Change is coming. It’s always coming. And for us, in our liberal religious tradition, that is one of the reasons we are here. The UCC churches have a national slogan they’ve been advertising “God is still speaking.” I love that. We might say it like this “The universe is ever revealing more of itself.”
And this change can be scary and good.

I knew a man, Wallace Rusterholtz, a dear friend of mine, who was excommunicated from the Unitarian Church of Erie Pennsylvania in 1930 because he admitted that he was a homosexual to the minister. I have a copy of the letter of excommunication. I gave the original to Boston to put in the UUA archives.

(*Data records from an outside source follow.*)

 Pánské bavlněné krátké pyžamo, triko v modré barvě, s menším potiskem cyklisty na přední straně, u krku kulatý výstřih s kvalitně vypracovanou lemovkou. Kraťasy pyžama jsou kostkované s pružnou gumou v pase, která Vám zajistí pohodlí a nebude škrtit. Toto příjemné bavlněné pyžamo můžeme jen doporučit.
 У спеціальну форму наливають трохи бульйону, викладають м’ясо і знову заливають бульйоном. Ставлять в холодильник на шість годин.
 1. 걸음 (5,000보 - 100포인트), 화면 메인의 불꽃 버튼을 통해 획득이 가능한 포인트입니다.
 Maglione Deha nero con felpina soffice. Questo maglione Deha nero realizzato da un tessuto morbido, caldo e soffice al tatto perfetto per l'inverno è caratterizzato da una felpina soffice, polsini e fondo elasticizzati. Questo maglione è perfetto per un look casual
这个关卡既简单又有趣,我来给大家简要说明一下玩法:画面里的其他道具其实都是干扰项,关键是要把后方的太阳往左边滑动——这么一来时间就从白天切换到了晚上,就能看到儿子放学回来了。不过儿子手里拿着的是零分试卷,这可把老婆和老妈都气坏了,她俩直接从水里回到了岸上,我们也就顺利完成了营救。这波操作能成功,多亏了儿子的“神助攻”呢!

Don Goodloe was a Unitarian, a good man, who worked hard for the education of African Americans early in the 20th century. He graduated from my seminary, but no Unitarian church would even look at him because he was black.
We lift up our faith’s involvement in the Civil Rights movement of the 1960’s with great pride. True, there were more Unitarian Universalist ministers in Selma, then those of any other denomination, proportionally. But even that move was a change, and a frightening one at that. Two of our people died there. New to the faith, Viola Liuzzi, mother of 5, drove her white Chevy station wagon from Detroit to Alabama to become a driver, actively taking part in the now famous freedom rides. She was shot through her car window. Rev. James Reeb, upon leaving an integrated restaurant, was beaten with clubs, and died of head wounds. The Rev. Dr. Martin Luther King, Jr., gave his eulogy.

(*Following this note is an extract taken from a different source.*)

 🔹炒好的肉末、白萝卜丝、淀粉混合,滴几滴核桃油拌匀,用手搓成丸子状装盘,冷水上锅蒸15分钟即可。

When Wallace came out in 1930, it was unthinkable that an openly gay person could be, for example, a minister. When Don graduated as a minister, it was unthinkable that a Negro could be a minister.
Through hard work, though, people in our own faith have re-shaped our own religion for the better. It has never been a direct, pardon the pun, straight line toward a City on the Hill though. There have been set backs along the way. But forward, we do march.

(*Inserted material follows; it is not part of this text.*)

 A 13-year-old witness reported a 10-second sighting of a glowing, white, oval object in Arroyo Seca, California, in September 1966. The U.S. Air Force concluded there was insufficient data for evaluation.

It is our faith that gets us, as a people, through such difficult topics as racism, homophobia, loss of job, loss of home and the death of a loved one. We come in from the rain, into Unitarian Universalist churches where we feel like we’ve found a home, and then we don’t want the home to change. Or we grow up here, and remember a favorite chair of a beloved parent, and we don’t want to let it go. But change we must.
James Luther Adams wrote ““Nothing is complete and thus nothing is exempt from criticism.” Nothing is complete. Change is part of life.
If 100 Monkeys can learn to wash potatoes, than 100,000 Unitarian Universalists can improve the lot of humanity. It will be harder work than dunking a sweet potato into a stream to remove the sand, but the results may be just as sweet.
A Prayer for Living in Tension.
If we have any hope of transforming the world and changing ourselves,
we must be:
bold enough to step into our discomfort,
brave enough to be clumsy there,
loving enough to forgive ourselves and others.

May we, as a people of faith, be granted the strength to be:
so bold,
so brave,
and so loving.

Many blessing to you on this, our shared journey.